[Task instructions]
All lines up to and including the one that contains "Župa sv. Marka" are to be transcribed exactly, starting from the first line of the records.

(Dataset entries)
====
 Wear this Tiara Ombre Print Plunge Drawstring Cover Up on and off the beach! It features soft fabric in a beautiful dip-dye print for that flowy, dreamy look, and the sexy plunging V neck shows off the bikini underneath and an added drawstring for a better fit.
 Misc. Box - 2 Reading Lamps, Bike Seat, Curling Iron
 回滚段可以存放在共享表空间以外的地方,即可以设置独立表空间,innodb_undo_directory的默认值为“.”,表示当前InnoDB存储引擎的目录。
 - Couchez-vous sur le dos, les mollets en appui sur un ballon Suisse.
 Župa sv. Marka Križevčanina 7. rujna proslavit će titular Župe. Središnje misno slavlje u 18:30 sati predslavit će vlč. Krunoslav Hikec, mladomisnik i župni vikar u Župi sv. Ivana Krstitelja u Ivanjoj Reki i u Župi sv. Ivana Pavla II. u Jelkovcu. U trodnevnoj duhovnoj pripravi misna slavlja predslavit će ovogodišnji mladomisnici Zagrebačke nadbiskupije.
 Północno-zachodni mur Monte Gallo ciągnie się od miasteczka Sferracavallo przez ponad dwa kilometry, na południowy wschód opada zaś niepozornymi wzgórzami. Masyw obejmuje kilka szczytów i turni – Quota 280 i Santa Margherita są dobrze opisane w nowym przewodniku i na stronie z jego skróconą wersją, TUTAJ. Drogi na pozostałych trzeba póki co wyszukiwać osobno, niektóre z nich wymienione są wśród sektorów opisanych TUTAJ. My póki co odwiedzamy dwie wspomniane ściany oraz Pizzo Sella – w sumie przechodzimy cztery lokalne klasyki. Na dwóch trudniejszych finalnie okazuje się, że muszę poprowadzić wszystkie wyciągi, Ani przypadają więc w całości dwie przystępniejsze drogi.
====
[Answer section]
 Wear this Tiara Ombre Print Plunge Drawstring Cover Up on and off the beach! It features soft fabric in a beautiful dip-dye print for that flowy, dreamy look, and the sexy plunging V neck shows off the bikini underneath and an added drawstring for a better fit.
 Misc. Box - 2 Reading Lamps, Bike Seat, Curling Iron
 回滚段可以存放在共享表空间以外的地方,即可以设置独立表空间,innodb_undo_directory的默认值为“.”,表示当前InnoDB存储引擎的目录。
 - Couchez-vous sur le dos, les mollets en appui sur un ballon Suisse.
 Župa sv. Marka Križevčanina 7. rujna proslavit će titular Župe. Središnje misno slavlje u 18:30 sati predslavit će vlč. Krunoslav Hikec, mladomisnik i župni vikar u Župi sv. Ivana Krstitelja u Ivanjoj Reki i u Župi sv. Ivana Pavla II. u Jelkovcu. U trodnevnoj duhovnoj pripravi misna slavlja predslavit će ovogodišnji mladomisnici Zagrebačke nadbiskupije.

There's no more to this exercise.